# putting all personal savings into a business



## m.sunny (9 Mar 2013)

Age: *40*
Spouse’s/Partner's age: *35*

Annual gross income from employment or profession: *30k. Self-employed*
Annual gross income of spouse: *35k, Company Director, new business, 50% share*

Monthly take-home pay - 
*Variable- 3000-4000e*

In general are you:
(a) spending more than you earn, or
(b) saving?
*living within our means, saving between 500-1000e a month *

Rough estimate of value of home
Amount outstanding on your mortgage: 
What interest rate are you paying? 
*Renting @ 900 p.m.*

Other borrowings – car loans/personal loans etc 
*None*

Do you pay off your full credit card balance each month? *Yes*
If not, what is the balance on your credit card? 

Savings and investments: 
*40k Bank Deposit Acc *

Do you have a pension scheme? 
*No*

Do you own any investment or other property? 
*No*
Ages of children: 
*2 y.o.*

Life insurance: 
*No*

*What specific question do you have or what issues are of concern to you? *

My partner is in the process of opening a new business, which is is being funded by a Small Business Loan (50k) and personal investment from both directors (30k each).

While our savings has always been earmarked for a house purchase deposit at some point or has offered us a safety net in tighter times recently, we are now thinking of using it for the business?.

Would it make more sense to 
1. get a personal loan for all/part of the 30k personal investment needed (i.e. keep most of our savings in the bank, but have high monthly loan repayments) for the next 10 years at least

2. Use our savings, and simply start saving house deposit all over again (i.e we'll at least remain personally debt free, but have little contingency)... 

-I am equally adverse to both options, my partner is angling for option 2...

thank you for help...


----------



## Brendan Burgess (9 Mar 2013)

Hi m

This is a really interesting and fundamental question. 

You have to make a choice between starting a business now or  buying a house now.
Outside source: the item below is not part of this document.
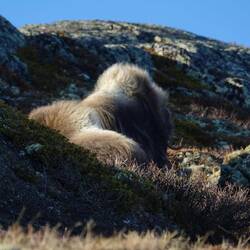 Pascals Schritte wurden plötzlich langsamer und er deutete auf eine Erhöhung. Da, direkt vor unseren Augen, eine Moschusochsen-Familie mit zwei Jungtieren!

If you start a business, then you have to defer the  purchase of a house indefinitely.

As you have made the choice to start the business, then Option 2 is very definitely the best option. It makes no sense to borrow money while you have a similar amount on deposit. You would probably pay around 9% on the loan while getting around 2% deposit intrest. 

Who are you getting the Small Business Loan from? What rate are you paying? 


Are they setting up a limited company or a partnership? 

Has your partner and her business partner signed a partnership agreement? It is absolutely fundamental that they do so. 

And now, the difficult bit. Your partner is going into business using your joint money. Of course, you are both getting on well and you are in love. But you must still do your own financial agreement which accounts for what happens if you split up. This agreeement  would specify that you are lending her money and that you are not investing in the business. 

If you split up and there is a big row, a lack of clarity over the finances makes it even more difficult.  If it's a partnership, she could claim you were a partner. You could even be made liable for the debts of the partnership.  You must clarify all these things up front. 

As I write this, I wonder if you should split your €40k savings now into your €20k and her €20k.  Maybe she should invest her €20k in the business and she would then borrow the additional €10k.  She could borrow this from a bank or she could borrow it from you.


----------